Из дневника Кувшенки
Вот уже второе лето живу я в Перечне. Можно сказать, второй год, потому что какое мое житье зимой. И вспоминать не хочется. Хорошие здесь места. Хорошие люди. Все, кого видишь здесь, живут, работая, и крепкая работа на воле утомляет всех здоровой усталостью и родит в голове крепкие живые мысли, и вовсе не бедные, не жалкие. Не знаю, другим как, а мне нравится наш американизм. Я почти что не был в деревне, и не знаю, как у мужиков, но здешних, речных людей посмотрел я довольно. Вот, мне кажется, глядя на них, и установил я для себя ту разницу, которая у меня во взглядах с Прате. Ему я, конечно, никогда не скажу, потому что какой я оратор, а Константин Анфимыч — писатель все-таки. И все же прав я. И разница эта, по-моему, такая: Константин Анфимыч чуда ждет, потому что недоволен и потому что (он сам себе в том не признается) не верит, что оно когда-либо было. И по чину ему, и по всему верить нужно, и хочет он, а не может. Потому он о будущем так говорит, потому от настоящего, как от комаров, отмахивается. Нет у него удивления, а хочет он удивиться. Как в сказке человек страха искал — все не боялся, — так он чуда ищет, удивиться хочет, благоговеть жаждет. А речной человек — он про чудо знает, он чудо чует. Было чудо. Удивился раз навсегда речной человек — и спокоен, и пошел дрова воровать, потому что дрова нужны. И пошел суда чалить, и водку пить. И всегда знает и помнит он о чуде, о чудесах даже, потому что ходит человек — разве это не чудо? вода течет — не чудо? в нашей стороне кормится — не чудо? И живет речной человек. «И благо ему на сей земле».
22-го июня. Ночью сегодня ходил к Марье, Пошехоновой дочке. Недобро на меня смотрит сам Пошехонов Николай Иваныч, и сыновья косятся.

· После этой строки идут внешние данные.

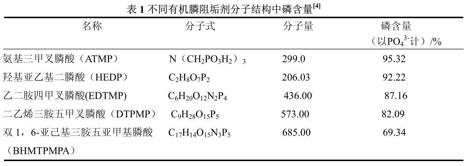 大分子有機(jī)膦阻垢劑分子結(jié)構(gòu)中,由于增加了-CH2-,分子量隨之增大,相對(duì)磷含量明顯降低;在-CH2-增加的同時(shí),分子結(jié)構(gòu)中起關(guān)鍵阻垢作用的-PO(CH)2基團(tuán)數(shù)量增加,阻垢性能得到顯著增強(qiáng)。不同有機(jī)膦阻垢劑分子機(jī)構(gòu)中磷含量見(jiàn)表 1。

И пусть себе. Дело вовсе не в том. Как— то нехорошо, что я с Марьей не так, как с человеком, которого люблю, не так — стыдно мне сказать это слово, — как с бабой, которая мне нужна. Ведь я у нее точно учусь, точно вызнать хочу, как живут, какими глазами смотрят на все и она, и братья ее, и отец ее, Смирнов-Пошехонов, и Гусев-жандарм, и Антон-глухарь. И вот когда ночью крадешься по берегу, а река сыростью дышит на тебя, на небе какой-нибудь Сириус, а на реке, на бакене — зеленый фонарь, и на судах огни, и идешь ты прямехонько на сеновал к девушке, которая ждет тебя, очень совестно тогда, что в голове у тебя вопросы, как жить нужно и как об этом расспросить эту самую девушку на сеновале. А она вовсе не разговорчива. Ее бы воля, подходила бы она ко мне в темноте, брала бы за руку, говорила: «ну!..» и уходила бы через час. Но она стесняется своего нрава и сама рассказывает длинно и вяло, и меня расспрашивает с неискренним любопытством. Она хороша только когда молчит, сжав губы и опустив серые нехорошие глаза. Грудь у нее высокая, крепкая, руки полные, ростом она выше меня, волосы черные, как у цыганки. Только глаза нехороши — серые, светлые, какого-то болотного цвета и бесстыжие, и бегают. Моя бы воля, я бы тоже не разговаривал с ней. Но мне тоже неловко, и потом я хочу узнать, чем и как живут эти люди. Хочу проникнуть во внутреннюю часть их души. Ведь я знаю речного человека, знаю главное в нем, могу разъяснить его кому угодно, могу противопоставить чему хочешь, и все-таки, не знаю, что, но Мне неведомо в нем.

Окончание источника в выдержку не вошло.